Gas will come and go on an irregular schedule and will often be a sharper pain, as opposed to early labor contractions, which many experts liken to strong menstrual cramps. So break out the stopwatch and find out if the pain is coming at regular intervals.
With labor, there should be more going on down there. "Bloody mucus or a change in vaginal discharge increases the likelihood that it's real labor and not a false alarm," says Bart Putterman, M.D., an ob-gyn at Texas Children's Pavilion for Women in Houston.

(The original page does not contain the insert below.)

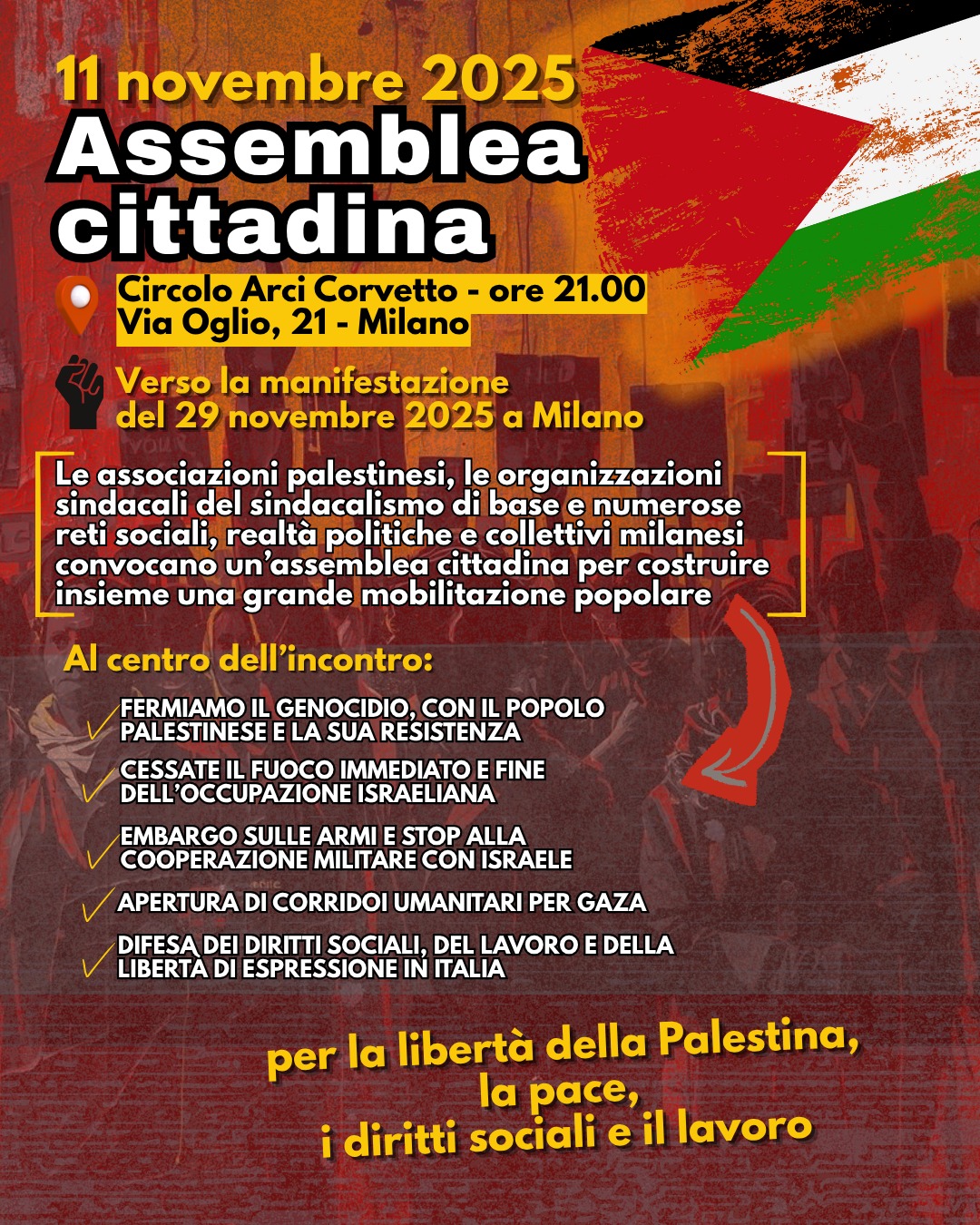Verso la manifestazione del 29: Assemblea cittadina a Milano l’11 novembre 3 ore ago Internazionale, Sciopero generale VERSO LA MANIFESTAZIONE DI SABATO 29 NOVEMBRE A MILANOMARTEDI’ 11 NOVEMBRE ASSEMBLEA CITTADINA ALLE ORE 21, presso il Circolo Arci Corvetto, in via Oglio 21 a Milano VAI AL VIDEO E FAI GIRARE

Thanks to the squeeze your baby is putting on your digestive system, any foods can be gas-inducing culprits. And though cruciferous veggies such as cauliflower and broccoli and high-fiber foods like beans may be loaded with baby-growing nutrients, they're prime candidates for loading your belly with gas. If the gas pains continue, consider cutting gas-inducing goodies out of your diet until your baby arrives.

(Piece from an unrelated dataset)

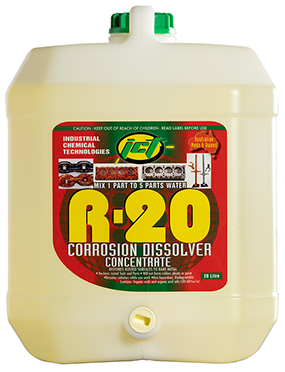 R-20 can be used as a bath with 1 part R-20 to 5 parts water (in Plastic Container) Simply place corroded parts in the bath for between 3-24 hours. The corrosion is dissolved revealing only the base metal, which can then be prepared for painting.

While gas pains can cause a bloated feeling in your tummy, labor pains involve a big muscle contraction all along your abdomen. "There's an uncomfortable tightening in the stomach during labor, where the whole stomach feels hard," Dr. du Treil says. If your tummy hardens every time you're experiencing pain, it's likely a contraction, not gas.
Typically, gas pains resolve themselves pretty quickly once you hit the loo. If a restroom visit helps, it means that the baby is hanging out in your uterus for a little while longer.